Let $\{e_i\}$ be the canonical basis of $\Bbb R^n$. As a $(0,2)$ tensor, $(\delta_{ij})$ can be though of as the bilinear map $(x,y) \mapsto x^Ty$, which reads, in tensor notations, as $\sum_{i=1}^n {e_i}^*\otimes {e_i}^*$. As a $(2,0)$ tensor, $(\delta^{ij})$ can be though of as the bivector $\sum_{i=1}^n e_i\otimes e_i$. Finally, as a $(1,1)$ tensor, $({\delta_i}^j)$ can be though of as an endomorphism (a linear map), in this case the identity map, which reads $\sum_{i=1}^n {e_i}^*\otimes e_i$.

These notations become coherent once you define $e^i = {e_i}^*$. For example, a $(0,2)$ tensor $A=(A_{ij})$ is equal to $A=\sum_{ij} A_{ij} e^i\otimes e^j$, while a $(1,1)$ tensor $B=({B_i}^j)$ is equal to $B=\sum_{ij} {B_i}^j e^i\otimes e_j$, and a bivector $V=(V^{ij})$ is equal to $V=\sum_{ij}V^{ij}e_i\otimes e_j$.

In these last expressions, each index appears exactly twice: one time as a top index, and one time as a lower index.
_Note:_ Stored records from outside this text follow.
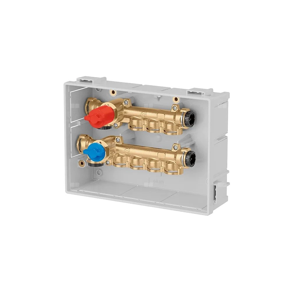 Rozdzielacz z głównymi zaworami odcinającymi z możliwością kontroli W komplecie: - para rozdzielaczy z zaworami odcinającymi; - skrzynka rozdzielacza (270 x 190 x 80 mm) wyposażona we wsporniki i elementy mocujące; - pokrywa zabezpieczająca w trakcie montażu; - 4 zaślepki z klipsami mocującymi. przyłącze zimna wylot: 4 wyjścia , podłączenie zaciskowe. przyłącze ciepła wylot: 3 wyjścia , podłączenie zaciskowe. Maksymalne ciśnienie pracy: 10 bar. Zakres temperatury medium: 5–90 °C. Rozstaw wyjść: 32 mm. Materiał: mosiądz.
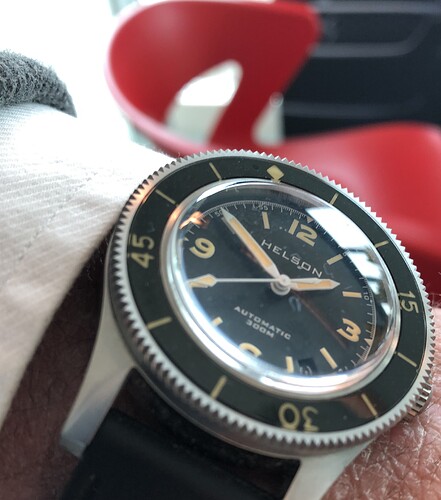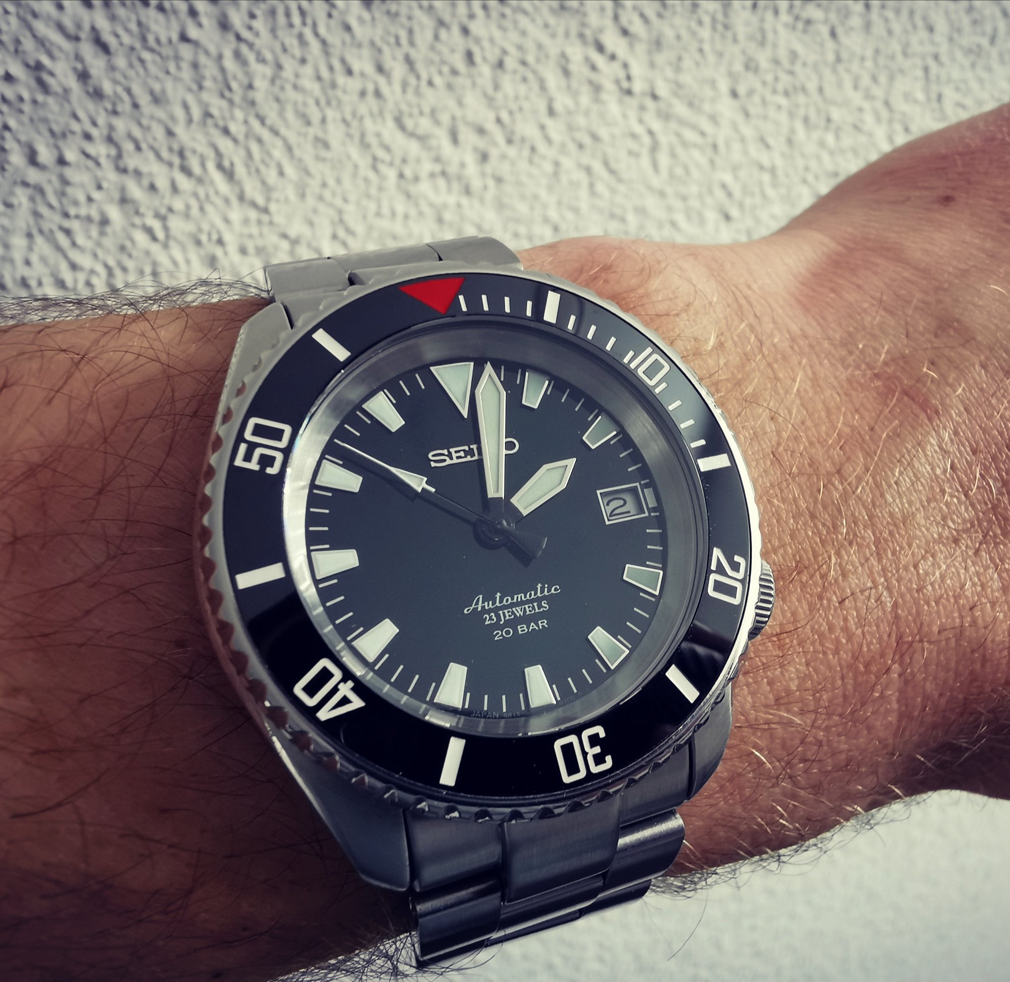 Geen succes in het blauwe deel dus draag ik hem zelf weer sinds een paar dagen. Ben geen fan van de SKX maar nu naar een paar dagen begin ik het model een beetje te waarderen.
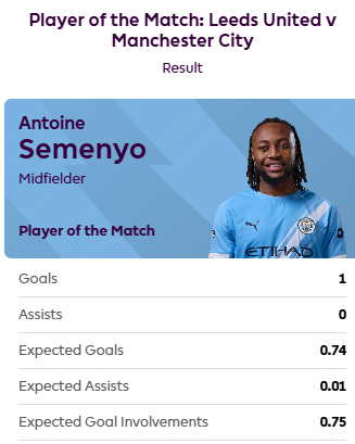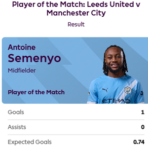72%得票率,塞梅尼奥当选利兹联vs曼城球迷票选全场最佳
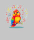 A cheerful and colorful illustration of a parrot happily singing, designed in a simple and clean style with no background.
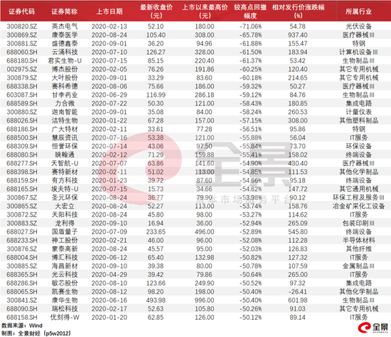 据全景财经(p5w2012)统计,有35只今年以来上市的新股及次新股较历史高点回撤超过50%。在这些个股中,盛德鑫泰、大叶股份、迦南智能、龙利得、海昌新材均为今年9月以来才上市的新股。
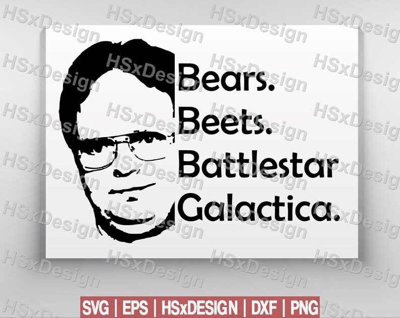 Bears Beets Battlestar Galactica,Schrute Farms svg,The Office svg,Scranton svg,The Office tv .... A separately saved pdf separately saved dxf file(s) separately saved svg file(s) a single illustrator compatible eps file. Bears beets fact battlestar galactica shirt nice design gift unisex t shirt new. It's a reference to this scene from the office where jim copies dwight's mannerisms. Suitable for apparel, scrapbooks, decals, and many other creative uses. Discover the magic of the internet at imgur, a community powered entertainment destination. Explore our other popular graphic design and craft resources. Become a member and get unlimited access to the growing design catalog. Package contains files in svg, dxf, png, eps formats. Package contains files in svg, dxf, png, eps formats. You'll get other products you may like. Get crafting with this exclusively designed lovesvg freebie. Lift your spirits with funny jokes, trending memes, entertaining gifs, inspiring stories, viral videos, and so much more. Find great deals on ebay for bears beets battlestar galactica. This is a personal use svg file and it's perfectly compatible with cricut explore, silhouette cameo, brother scan n cut. Check out our bears beets battlestar galactica svg selection for the very best in unique or custom, handmade pieces from our shops.

The summation convention says that as long as an index appears in this specific configuration, we can forget about the $\sum$ sign. Therefore, we would write, with the above notations, $A=A_{ij} e^i\otimes e^j$, $B={B_i}^je^i\otimes e_j$ and $V = V^{ij}e_i\otimes e_j$. It appears that with this convention, ${\delta_i}^i$ is the trace of the identity matrix $({\delta_i}^k)$, since the summation convention implies $$ {\delta_i}^i= \sum_{i=1}^n {\delta_i}^i = n = \operatorname{trace}I_n. $$ But it is not true (or at least, it is very confusing and misleading) that ${\delta_a}^b{\delta_b}^i = {\delta_a}^i{\delta_i}^i$, since this latter expression implies a summation over $i$ while the first does not. In fact, one should avoid this kind of expressions where an index appears three times. When $n=2$, the left hand side is equal to ${\delta_a}^1{\delta_1}^i + {\delta_a}^2{\delta_2}^i = {\delta_a}^i$, and still depends on $i$, while the right hand side is equal to ${\delta_a}^1{\delta_1}^1 + {\delta_a}^2{\delta_2}^2 = {\delta_a}^1 + {\delta_a}^2$, which only depends on $a$.

This specific problem appears, for instance, at (E), where you write $$ U_iV^a {\delta_a}^b{\delta_b}^i = U_iV^a{\delta_a}^i{\delta_i}^i, $$ whereas one should instead write $$ U_iV^a {\delta_a}^b{\delta_b}^i = U_iV^a{\delta_a}^i. $$ Indeed, there is no need to add the last term ${\delta_i}^i$ in this expression, since you are using the equality ${\delta_a}^b{\delta_b}^i = {\delta_a}^i$. I think this is the main confusion in your question and it appears several times (you write $V_b{\delta_a}^b=V_a{\delta_a}^a$ instead of $V_b{\delta_a}^b= V_a$ in (D), etc.) Note that you have the following equalities \begin{align} U_iV^a{\delta_a}^b{\delta_b}^i &= (U_i{\delta_b}^i)(V^a{\delta_a}^b) = U_bV^b,\\ U_iV^a{\delta_a}^b{\delta_b}^i&=U_iV^a({\delta_b}^i{\delta_a}^b) = U_iV^a {\delta_a}^i = (U_i{\delta_a}^i)V^a = U_aV^a,\\ U_iV^a{\delta_a}^b{\delta_b}^i&=U_iV^a({\delta_b}^i{\delta_a}^b) =U_iV^a {\delta_a}^i= U_i(V^a{\delta_a}^i) = U_iV^i. \end{align} and thus, the result does not depend on the order of the different contractions.

For what it's worth, let me add that I personally do not use this convention, and more generally, do note use computations in coordinates. This is a matter of taste (and also a cultural thing), but as you can see, this can sometimes be misleading. When completely mastered, this way of doing computations is really powerful, but if you're not comfortable with it (like me), you are more likely to do a lot of errors.